Er hatte keine andere Wahl. Jedenfalls fühlte er sich so. Er musste tun, was zu tun war. Und er musste es schnell tun, mit dem Buick würde er ungefähr fünfzehn Stunden brauchen, wenn er gut durchkäme. Und spätestens morgen zur Wahl würde Gustav Wengler wieder in Treuburg sein, da war er sich sicher. Und dann wollte er vor Ort sein.
Und vielleicht war es ohnehin besser, ohne Charly nach Masuren zu fahren – wenn er an Hella Rickert dachte und daran, dass die beiden sich dort möglicherweise über den Weg laufen könnten.

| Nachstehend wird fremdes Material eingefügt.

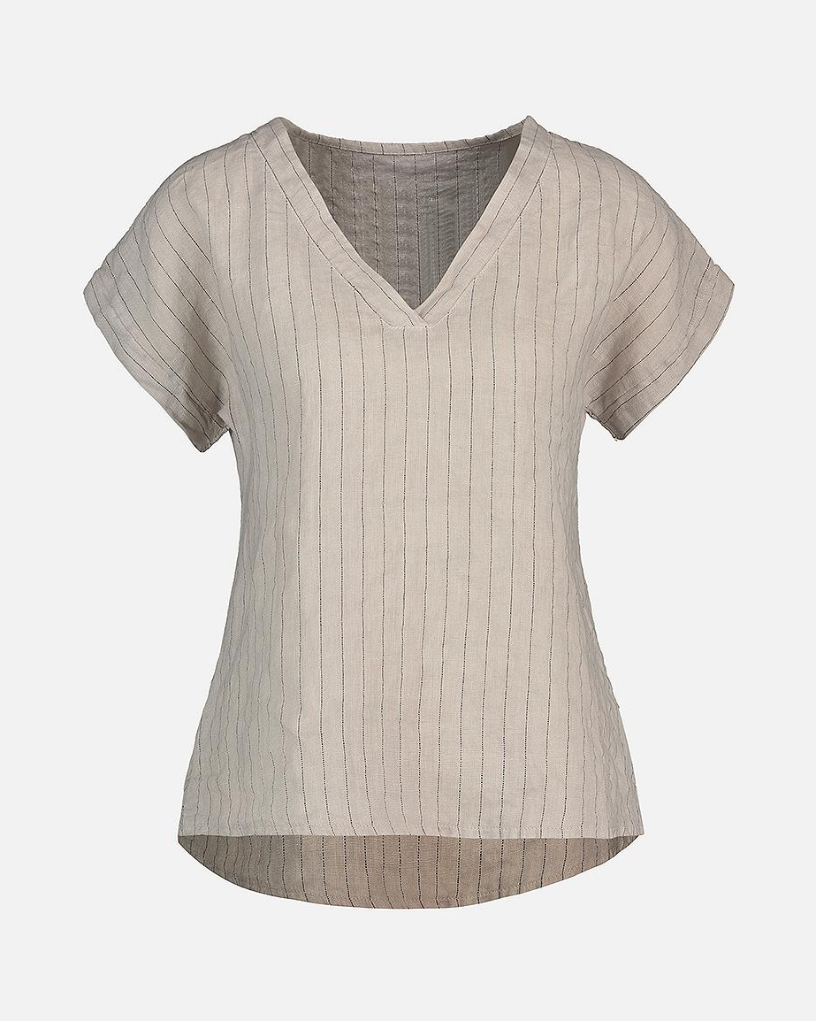 Topp i lin- og viskoseblanding. Denne har en litt teksturert overflate med grov lin-look, og stoffet er uten stretch. Den har v-hals, korte ermer og er noe lenger bak.
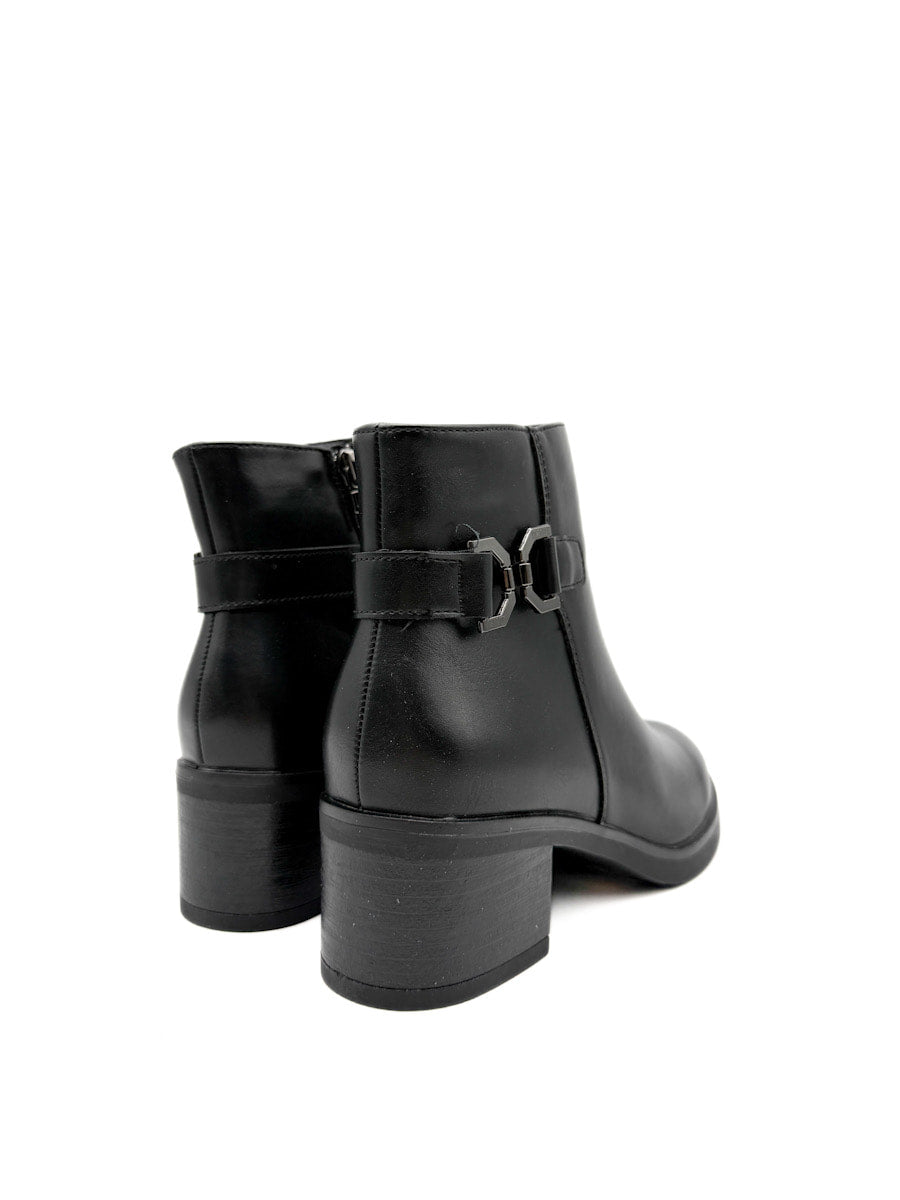 Botines con Tacón Grueso y Hebilla Decorativa Negro
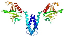 - ↑ Marie-Cardine A, Verhagen AM, Eckerskorn C, Schraven B (September 1998). "SKAP-HOM, a novel adaptor protein homologous to the FYN-associated protein SKAP55". FEBS Letters. 435 (1): 55–60. doi:10.1016/S0014-5793(98)01040-0. PMID 9755858. S2CID 37288744.

Er gab ordentlich Gas und brauchte dennoch fast fünf Stunden bis zur Grenze. In Schneidemühl, der letzten deutschen Stadt vor dem Korridor, fand er eine Tankstelle. An der Wand des Kassenhäuschens hing ein Münzfernsprecher. Während der Tankwart sich um den Wagen kümmerte, ging Rath hinüber.
Es war schon fast acht, natürlich war sie längst zu Hause. Die Verbindung war nicht gut, Charlys Stimme kratzte im Hörer.

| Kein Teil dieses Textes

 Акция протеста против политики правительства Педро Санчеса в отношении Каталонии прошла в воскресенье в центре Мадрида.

»Gereon? Wo bleibst du denn? Überstunden?«
»Nein.« Er beschloss, es kurz und knapp zu machen. Die Wahrheit, ohne groß drum herumzureden. »Ich bin hier an einer Tankstelle«, sagte er. »In Schneidemühl.«
»Wie?«
»In Schneidemühl. Polnische Grenze.«
Das Schweigen am anderen Ende der Leitung verhieß nichts Gutes. Charly betonte jedes einzelne Wort, als sie schließlich ihre Frage stellte, und bei jedem Wort wurde sie lauter.

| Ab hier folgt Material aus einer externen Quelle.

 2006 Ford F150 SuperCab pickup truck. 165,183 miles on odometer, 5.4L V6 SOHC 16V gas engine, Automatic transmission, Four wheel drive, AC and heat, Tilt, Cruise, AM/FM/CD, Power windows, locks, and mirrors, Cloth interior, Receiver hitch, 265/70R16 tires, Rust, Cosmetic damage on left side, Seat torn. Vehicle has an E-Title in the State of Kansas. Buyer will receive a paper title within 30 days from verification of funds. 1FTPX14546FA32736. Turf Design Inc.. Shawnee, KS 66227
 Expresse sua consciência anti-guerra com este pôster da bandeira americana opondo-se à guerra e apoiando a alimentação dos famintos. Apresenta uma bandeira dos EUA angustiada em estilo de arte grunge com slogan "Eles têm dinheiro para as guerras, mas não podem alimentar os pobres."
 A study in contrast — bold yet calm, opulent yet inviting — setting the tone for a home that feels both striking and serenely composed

»Was. Machst. Du. In. Schneidemühl?!«
»Beruhige dich. Es ist wegen Polakowski. Ich weiß, wo er steckt.«
»Und leistest dir wieder eine Extratour? Gereon, wolltest du nicht …«
»Keine Extratour, Böhm weiß Bescheid.«
Sie war sprachlos. Schön.
»Mach dir keine Sorgen, Charly. Ich muss Schluss machen, das Geld ist gleich durch. Ich liebe dich.«
Er legte auf.
Bis zur Grenze war es nicht weit. Er schien nicht der Einzige zu sein, der übers Wochenende nach Ostpreußen wollte. Vor dem Kontrollpunkt hatte sich eine lange Schlange gebildet. Gennat hatte nicht übertrieben. Erst einmal brauchte er ein Transitvisum, das ihn eine Mark sechzig kostete und viel Geduld, bis es endlich abgestempelt und unterschrieben war. Ebenso viel Zeit brauchte es, bis die polnischen Grenzbeamten, die ihren Beruf offensichtlich sehr ernst nahmen, sein Auto durchsucht hatten. Sie fanden sogar einen von Kiries Gummibällen, den er schon länger vermisst hatte. Ärgerlicher war es da schon, dass er seine Dienstwaffe nicht mit auf den Transit nehmen durfte. Die Walther wurde konfisziert, und Rath bekam eine Quittung für seine Pistole, gegen deren Vorlage er sich seine Waffe auf der Rückfahrt wieder abholen könne, so bedeutete man ihm. Und als das alles endlich erledigt war, musste Rath noch eine Straßennutzungsgebühr von fünf Zloty berappen. Reichsmark nahmen die Grenzer nicht, er musste eine Wechselstube ansteuern, die wiederum Gebühren nahm, die an Wucher grenzten. Jedenfalls bereute Rath es inzwischen schon, einfach so losgefahren zu sein mit dem Auto; die Fahrt im Zug war angenehmer gewesen, selbst den Flug hatte er trotz seiner Flugangst besser ertragen können. Aber nun war der Papierkram erledigt, nun gab es kein Zurück. Vierundzwanzig Stunden durfte er sich laut Transitvisum Zeit lassen, um den Korridor zu durchqueren, er schaffte es in zweieinhalb. Bromberg und Thorn waren beides schöne Städte, doch er hielt nicht an, nicht einmal zum Pinkeln, er wollte nur so schnell wie möglich Deutsch Eylau erreichen und damit wieder preußischen Boden.